Once the line with "智能科学与工程学院2025级" is found, repeat it and all later lines exactly through the end of the listing below, with the pictures left out.
=== Begin Enclosure ===
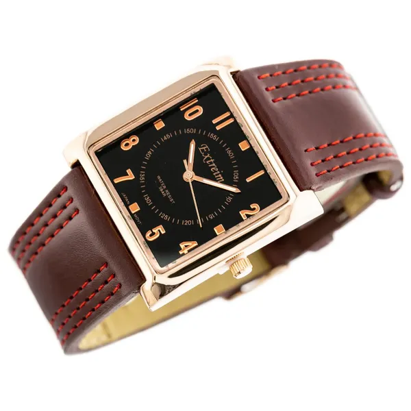Az Extreim női karóra a kedvelt G. Rossi almárkája, amely divatos megjelenést és megbízható működést kínál a mindennapokra. A japán Miyota kvarc szerkezet pontos időmérést biztosít, míg a fekete számlap, a rózsaarany színű tok és a barna textilszíj piros díszvarrással igazán karakteres összhatást teremt.
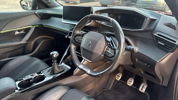 10" Capacitive colour touchscreen with connected 3D navigation with Piano keys gloss black plated toggle switches to access touchscreen, Bluetooth telephone facility, Driver attention warning, Exterior temperature indicator with ice warning, Front and rear parking sensors, Lane keep assist, Mirror screen with mirror link, apple carplay and android auto, Multi function trip computer, PEUGEOT i-Cockpit with compact steering wheel, PEUGEOT i-Cockpit with configurable 3D headup instrument panel, PEUGEOT SOS and assistance, Push button start, Smart phone docking station, Smartphone charging plate, Speed limit recognition and recommendation, Visio Park 1 with 180 degree Colour reversing camera, 2 front USB socket with USB-C, 2 USB sockets in rear, 6 speakers radio with mp3 compatible, DAB Radio (Digital Audio Broadcasting), Voice recognition for radio, navigation and telephony features, 2 X Rear number plate lights, Automatic hazard light activation upon heavy brake application, Black front wing trim with gloss black detail and GT line badging, Body coloured exterior door handles, Chrome exhaust tailpipe, Chrome front lower bumper, Dark tinted rear side and tailgate windows, Diamond black rear spoiler (roof), Electric, heated, and power folding door mirrors, Frameless electrochrome interior rear view mirror, Front windscreen wiper, Full LED headlights with smartbeam assist, Gloss black finish on B pillar, Gloss black rear cluster connecting strip, Gloss black roof bars, Gloss black window surround, GT Line model designation badging on tailgate, Headlights left on audible warning, LED daytime running lights with 3 claw headlight with distinctive tooth design, LED front fog lights, LED side indicator lights integrated into door mirrors, Model designation badges front and rear, Nera black door mirror shells, One touch electric front/rear windows with pinch protection, Radiator grille - Dark chrome chequered and gloss black edge trim, Rear full LED 3D peugeot signature claw effect lights with daylight function, Rear reversing lights, Rear windscreen wiper triggered automatically in reverse gear, Stainless steel door sill scuff plates, Tailgate with heated rear windscreen and wiper blade, Wheel arch extensions, 1/3 to 2/3 split folding rear seats, 12V socket, 8 Colour personalisable ambient lighting, Aluminium pedals, Automatic air conditioning, Central front armrest with storage compartment, Driver and front passenger seat manual adjustment in longitudinal and back rest angle, Driver and front passenger seat mechanical height adjustment, Driver and front passenger sport seats, Electric power steering with reach and rake adjustable steering column, Front and rear carpet mats in black with lime green stitch detail, Front LED interior light with 2 reading spotlights and rear interior light with timer, Gear lever - manual in satin chrome, Gear shift indicator, Heated front seats, High centre console, ISOFIX child seat mounting points on passenger seat, Lime green contrast stitching to front centre console, door panels and dashboard facia, Mistral full grain perforated leather steering wheel with aikinite stitch detail and satin chrome 'GT Line' emblem, Modular boot floor, Piano keys gloss black plated toggle switches to access main functions of the vehicle, Roof lining - Mistral black, Seatbelt unfastened on the move audible and visual alert for front and rear seats, Visibility pack - 2008, 2x 2nd row ISOFIX child seat mountings, ABS (Anti-lock Braking System) with EBD (Electronic Brakeforce Distribution) and EBA (Emergency Braking Assistance), Active safety brake with night function/cyclists/pedestrians, Adaptive driver and front passenger airbags with passenger airbag deactivation function, Child locking functionality on rear doors, Driver/front passenger side airbags, Electric parking brake, ESP (Electronic Stability Program) + Hill Start Assist, Front and rear curtain airbags, Front and rear disc brakes, Front and rear three-point retractable seatbelts, with force limiters, Front optimised safety headrests and rear retractable headrests (x3), height adjustable, Tyre pressure sensor, Automatic door locking when moving off, Deadlocks, Electronic code immobiliser, Thatcham Cat.1 alarm, Carbon effect Dashboard, front and rear door panel finish, 18" Bund diamond cut alloy wheels,
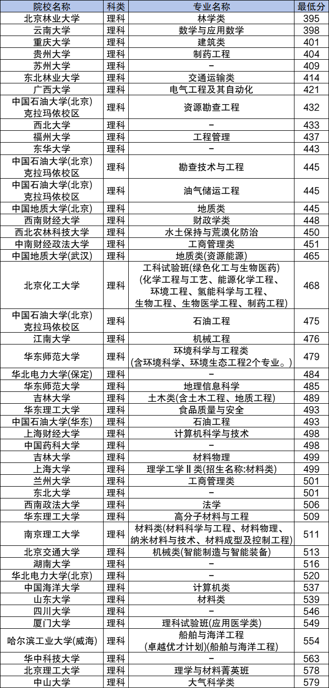 2024年各大学高校专项计划在新疆理科的招生专业要多于文科,理科各大学高校专项计划各专业的录取分数线在395分-579分之间;录取分数最高的是中山大学大气科学类,最低分为579分;录取分数最低的是北京林业大学林学类,2024最低分为395分。
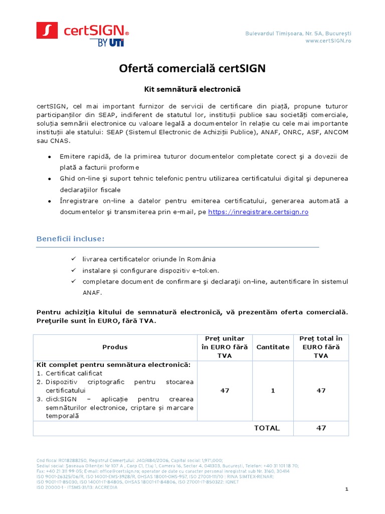 Oferta Comerciala Semnatura Electronica
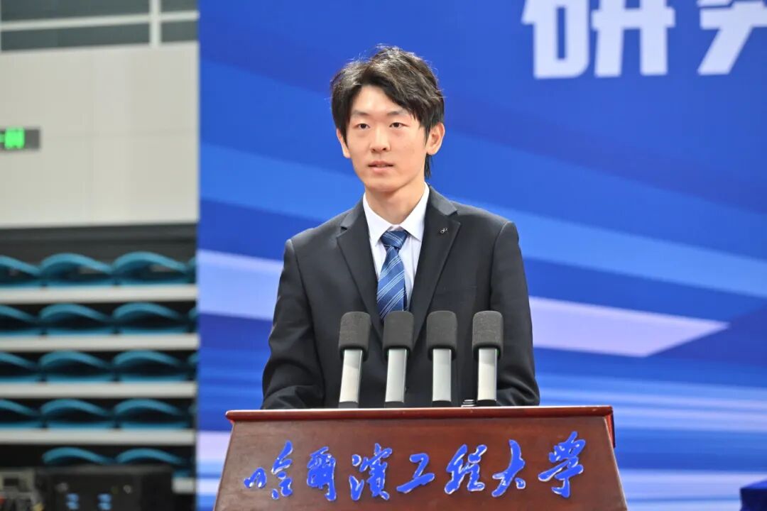 智能科学与工程学院2025级博士研究生张圆清作为新生代表发言。他表示,在哈工程求学收获的不止知识的积累与学历的提升,更有不断向前逐梦深蓝的底气。未来将在学术道路上踏实前行,以所学助力强国强军,用行动推动龙江振兴。
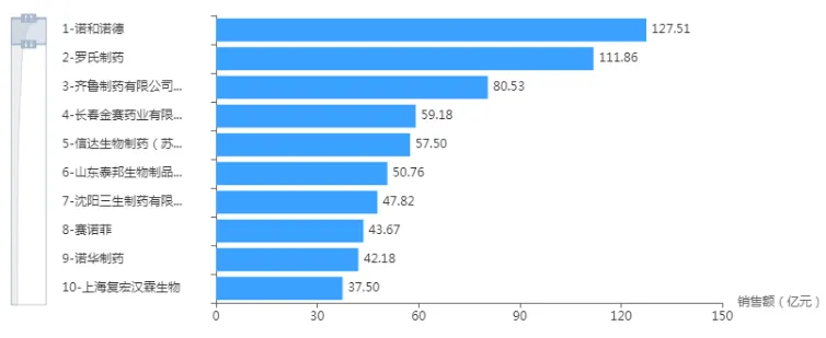 图4 2023年生物药销售额TOP10 图片来源:药智数据
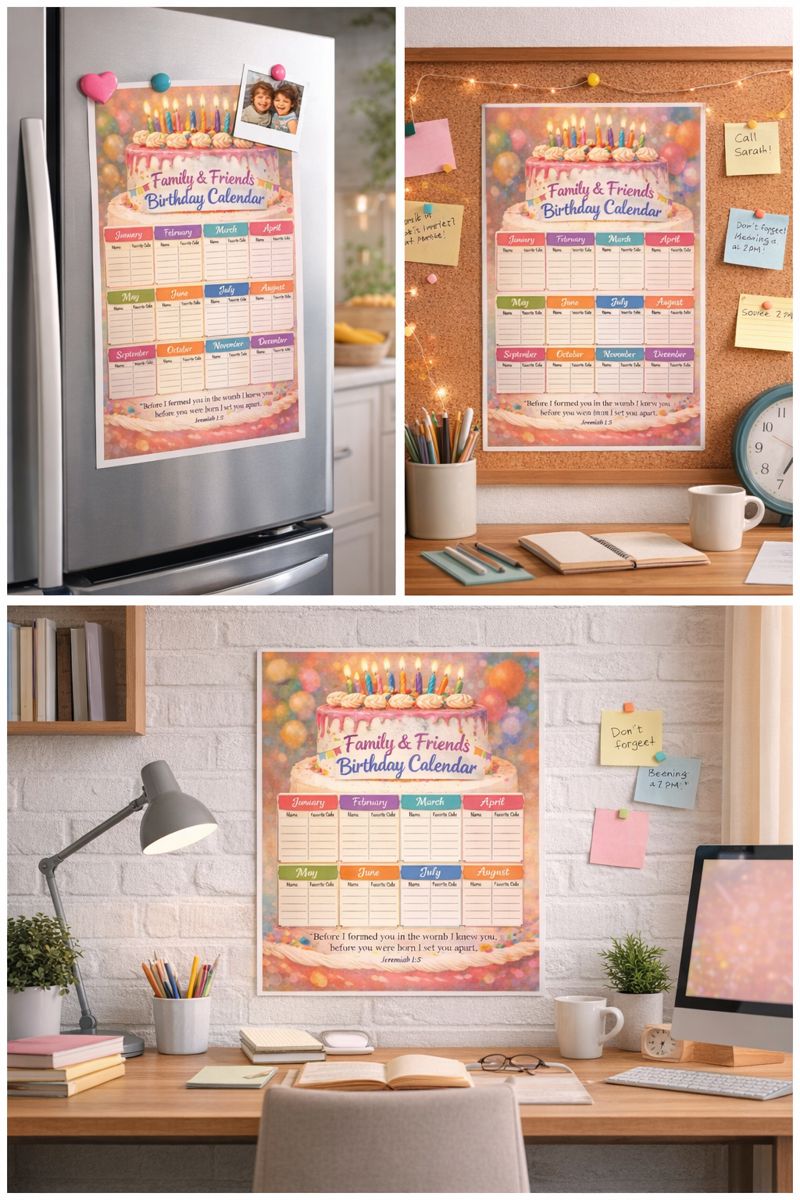 Never forget a birthday again with this beautifully designed Family & Friends Birthday Calendar, created to keep your loved ones’ special days organized all year long — without needing to be replaced each year.
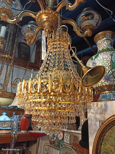 Preço: 450 €Lustre Dourado Banho Ouro Cristal 6 Lâmpadas
=== End Enclosure ===
ANSWER BOX:
 智能科学与工程学院2025级博士研究生张圆清作为新生代表发言。他表示,在哈工程求学收获的不止知识的积累与学历的提升,更有不断向前逐梦深蓝的底气。未来将在学术道路上踏实前行,以所学助力强国强军,用行动推动龙江振兴。
 图4 2023年生物药销售额TOP10 图片来源:药智数据
 Never forget a birthday again with this beautifully designed Family & Friends Birthday Calendar, created to keep your loved ones’ special days organized all year long — without needing to be replaced each year.
 Preço: 450 €Lustre Dourado Banho Ouro Cristal 6 Lâmpadas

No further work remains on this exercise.